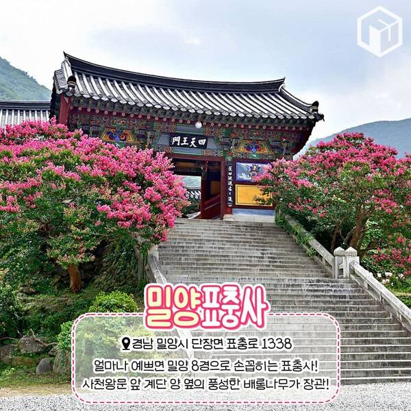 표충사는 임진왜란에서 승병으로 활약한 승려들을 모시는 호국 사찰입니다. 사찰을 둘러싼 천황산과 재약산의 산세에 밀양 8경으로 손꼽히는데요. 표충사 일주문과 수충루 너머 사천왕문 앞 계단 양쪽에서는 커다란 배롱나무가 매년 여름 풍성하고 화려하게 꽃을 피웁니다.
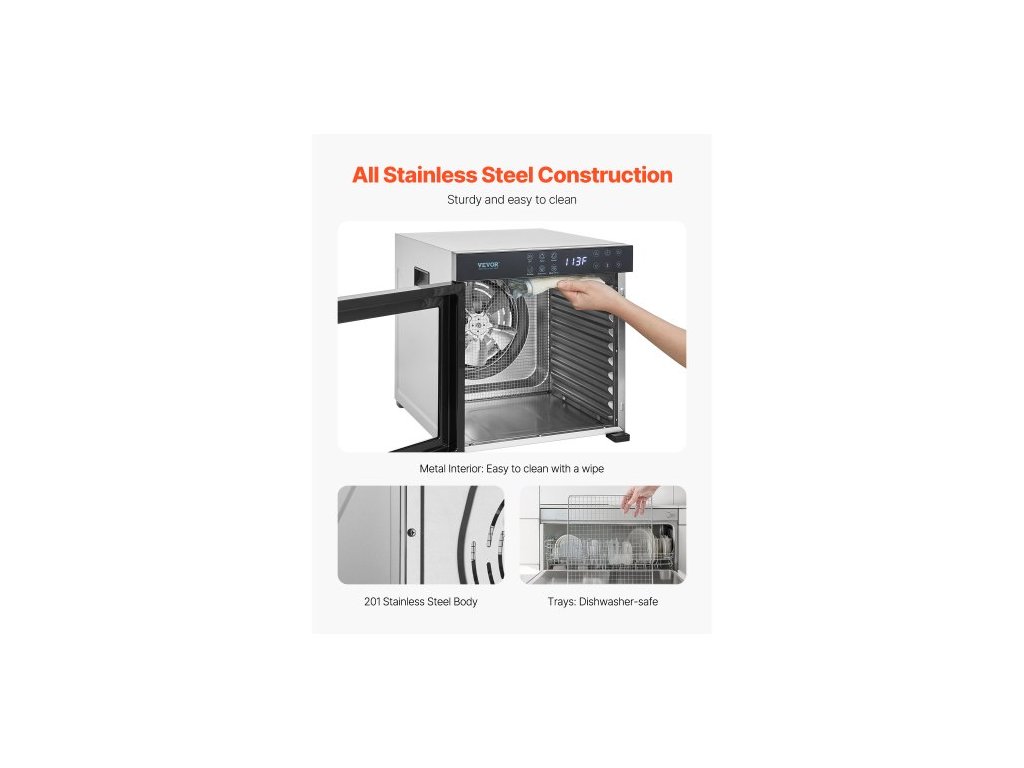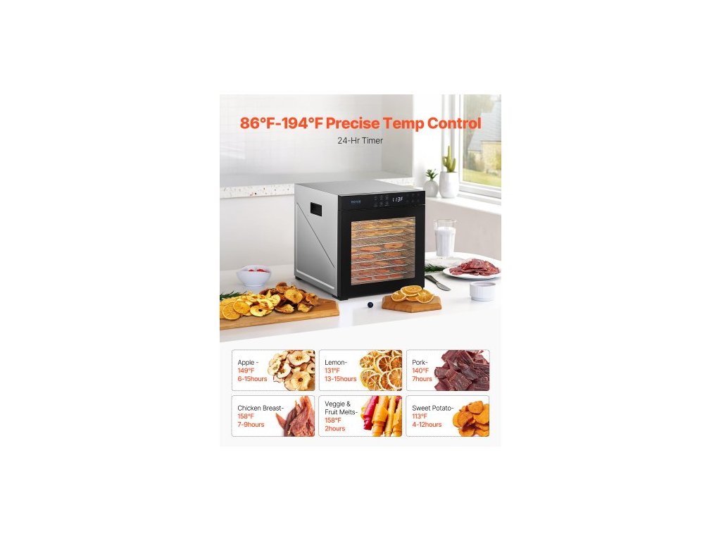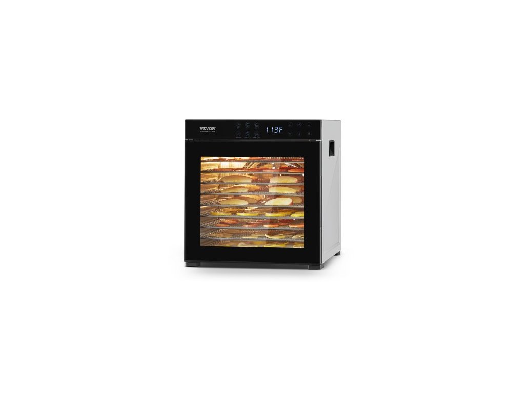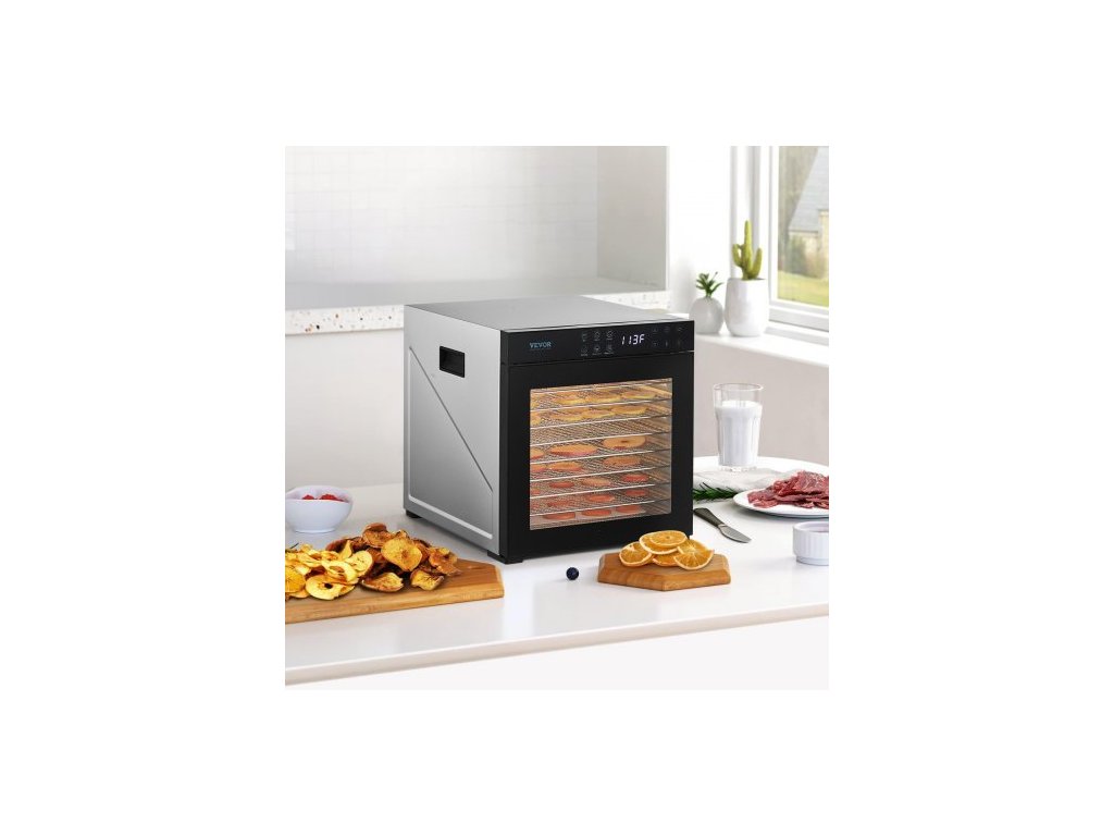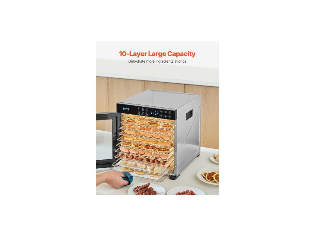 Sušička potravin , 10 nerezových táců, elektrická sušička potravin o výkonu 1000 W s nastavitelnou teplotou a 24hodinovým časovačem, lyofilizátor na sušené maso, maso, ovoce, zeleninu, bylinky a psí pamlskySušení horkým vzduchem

* * *

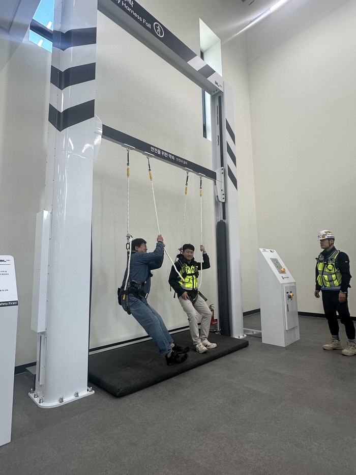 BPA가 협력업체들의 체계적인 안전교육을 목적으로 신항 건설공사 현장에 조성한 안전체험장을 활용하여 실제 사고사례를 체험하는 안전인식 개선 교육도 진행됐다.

**Exercise goal**
Copy exactly the material above from the line with "표충사는 임진왜란에서 승병으로" to the line with "Sušička potravin , 10", ends included, and nothing else. Leave out any picture.

**Answer below**
 표충사는 임진왜란에서 승병으로 활약한 승려들을 모시는 호국 사찰입니다. 사찰을 둘러싼 천황산과 재약산의 산세에 밀양 8경으로 손꼽히는데요. 표충사 일주문과 수충루 너머 사천왕문 앞 계단 양쪽에서는 커다란 배롱나무가 매년 여름 풍성하고 화려하게 꽃을 피웁니다.
 Sušička potravin , 10 nerezových táců, elektrická sušička potravin o výkonu 1000 W s nastavitelnou teplotou a 24hodinovým časovačem, lyofilizátor na sušené maso, maso, ovoce, zeleninu, bylinky a psí pamlskySušení horkým vzduchem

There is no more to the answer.